Genesis 50:20


Genesis 50:20 - You intended to harm me, but God intended it for good to accomplish what is now being done, the saving of many lives.

Tuesday, January 31, 2017

Reserve Parachute

There is nothing new going on at this point in the deployment. Things are very very routine now. This is the point in the deployment where it is what you make of it. You can squander time away waiting for the next day and the next day until the deployment ends. Or you can make the most of each moment.

I know that my experience here is much different than most of the soldiers' experience. They are out kicking doors in and supporting those who do. I have often described my job to those soldiers that see me sitting while reading on the front porch "doing nothing" as being a reserve parachute.

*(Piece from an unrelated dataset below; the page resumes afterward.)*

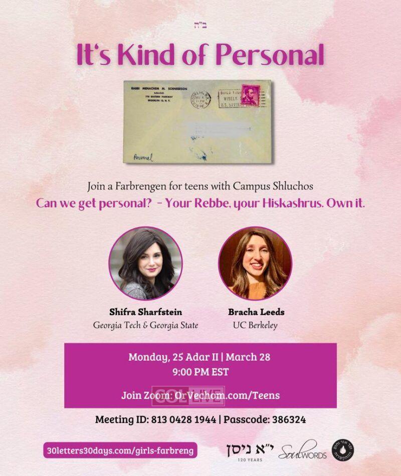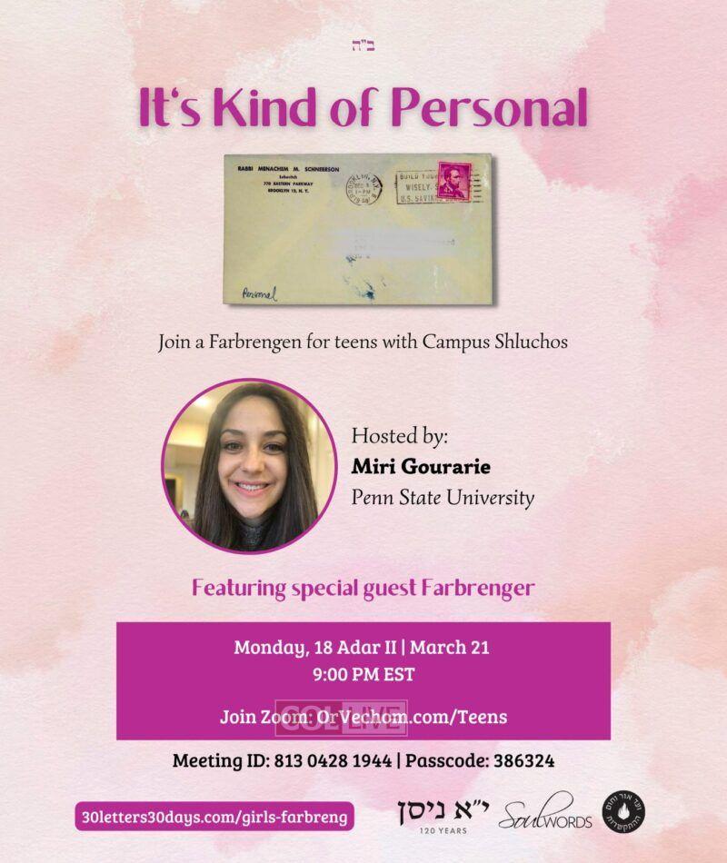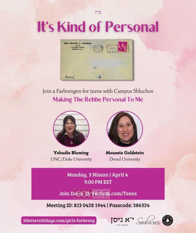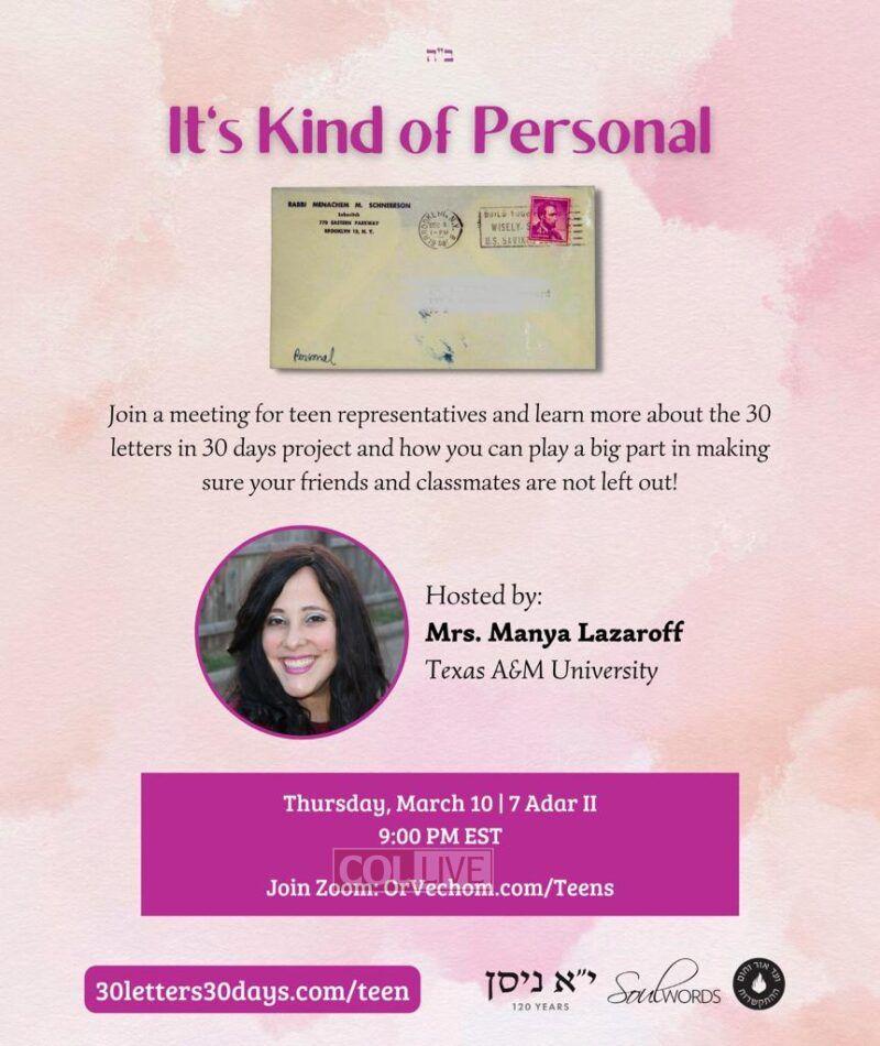 Teen girls across the world have expressed their excitement after joining a project to learn and farbreng about 30 letters of the Rebbe in 30 days, as a gift to the Rebbe for Yud Alef Nissan.
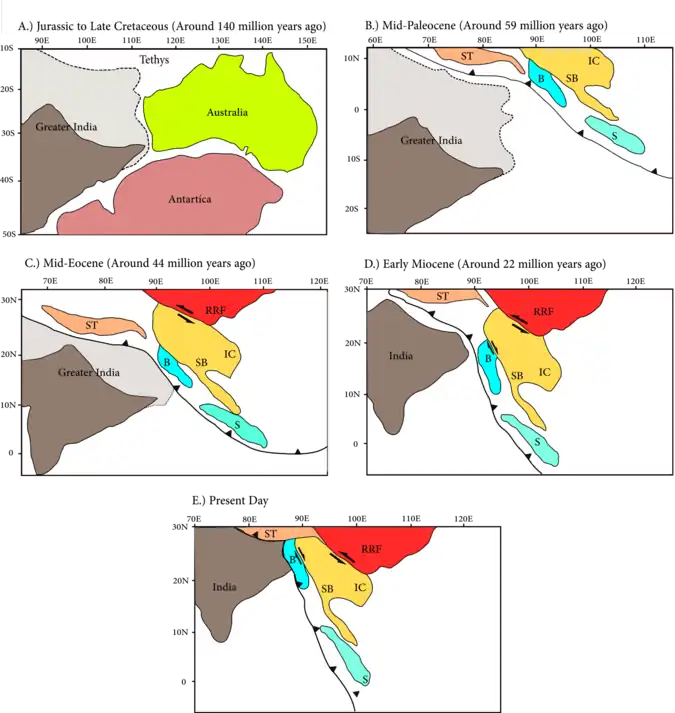 The rifted Burma-microplate from Gondwanaland also docked against Shan-Thai block and together formed part of the Sunda plate approximately in the period.[15] There is a discrepancy for the time of the Burma-Shan-Thai collision: Mitchell (1989) says Early Cretaceous yet changes to Mid-Eocene in 1993;[18] Hutchison (1989) says Late Cretaceous;[28] and Acharyya (1998) says late Oligocene.[29]

I remind them that the soldiers' reserve parachute is hardly ever used, but when it is, it always saves your life.

Monday, January 30, 2017

Immigration and Friendship

There has been much bitter debate recently concerning this temporary ban on immigration from 7 countries that President Trump signed by executive order. I have even lost a friend over the issue after he told me to seek counseling because I clearly was not thinking right to hold the opinions I held. He then insinuated my thoughts must be clouded by PTSD. Yes he did fit the stereotype of a young professional in Los Angeles in the acting business. So what should I expect? But is was sad. It was sad because we went to the same church in junior high and in high school. He had been out to our ranch and been friends with the family for a long time. And then, just like that, he told me he didn’t want to dialogue with me on any topic or in any medium. I have been thinking about his last post all day. Fortunately, I have the time to think about it (normally if this happened back home, my life is too busy to allow myself to dwell on things, and I just cut weight and move on….right or wrong that’s what I do…..I know that is horrible).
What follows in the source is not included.